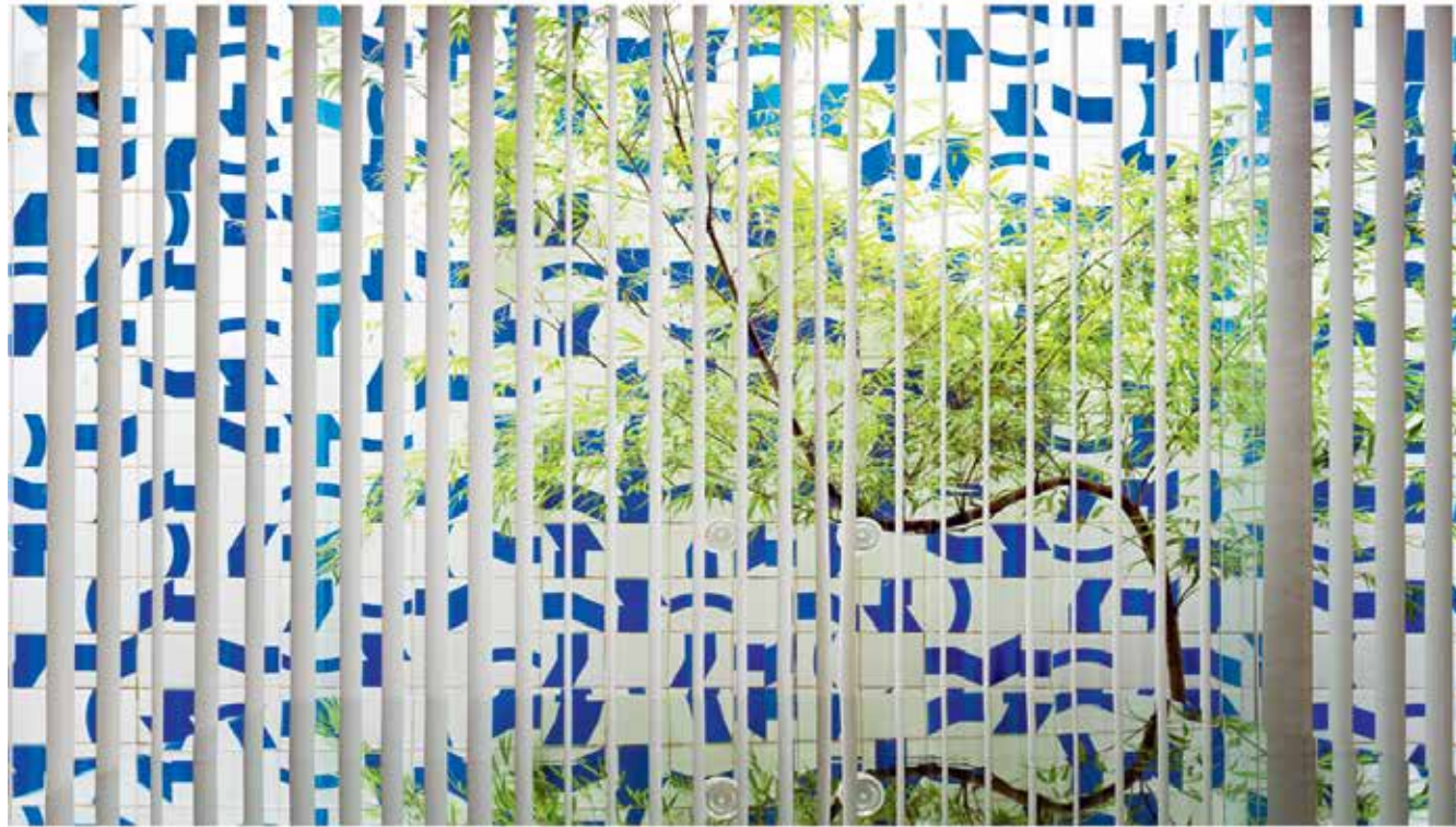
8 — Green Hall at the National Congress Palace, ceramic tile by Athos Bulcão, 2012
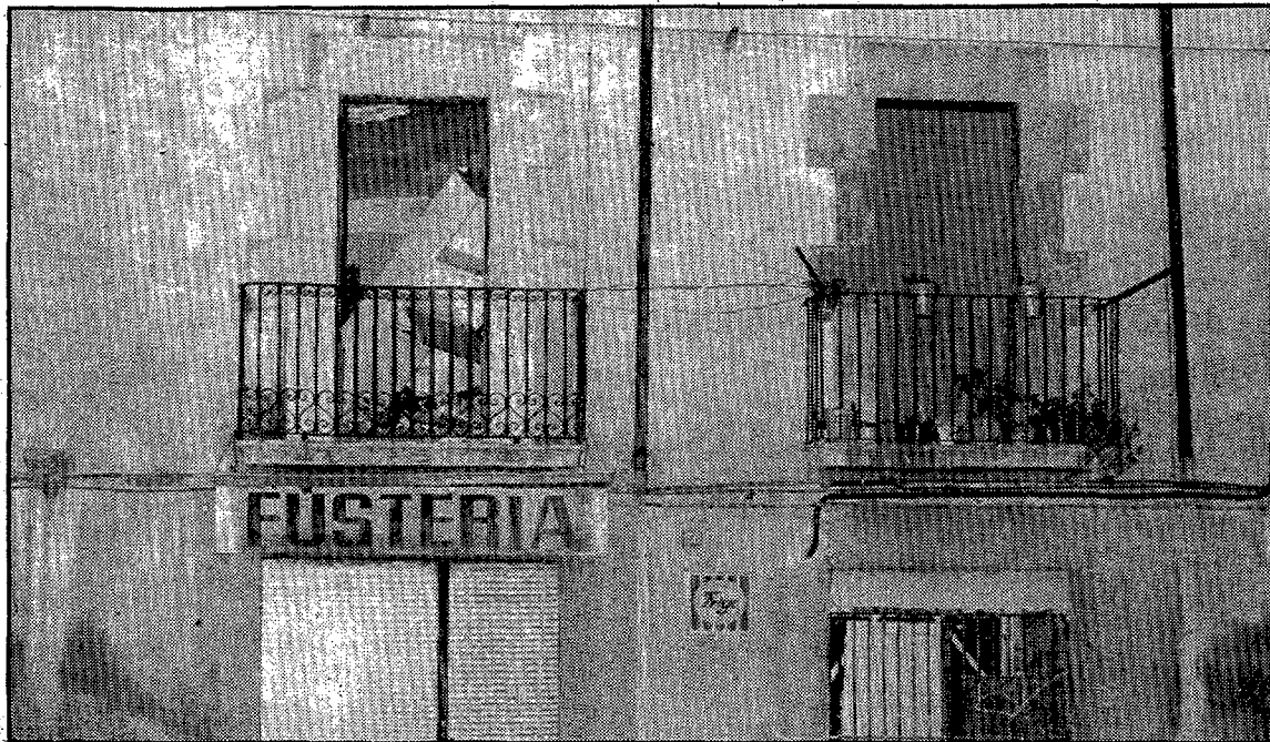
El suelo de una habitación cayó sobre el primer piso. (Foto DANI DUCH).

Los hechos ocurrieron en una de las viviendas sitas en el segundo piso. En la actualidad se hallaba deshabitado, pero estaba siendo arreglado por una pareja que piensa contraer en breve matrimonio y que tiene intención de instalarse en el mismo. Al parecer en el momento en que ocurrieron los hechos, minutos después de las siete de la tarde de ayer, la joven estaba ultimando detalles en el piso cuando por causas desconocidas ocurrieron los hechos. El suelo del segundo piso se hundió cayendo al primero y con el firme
.....
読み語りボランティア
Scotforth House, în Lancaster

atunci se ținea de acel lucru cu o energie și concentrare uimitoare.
.....
Look above for the line with "8 — Green Hall" and copy exactly from it through the line with "El suelo de una", both included. Omit the pictures.

### Answer for the task
8 — Green Hall at the National Congress Palace, ceramic tile by Athos Bulcão, 2012
El suelo de una habitación cayó sobre el primer piso. (Foto DANI DUCH).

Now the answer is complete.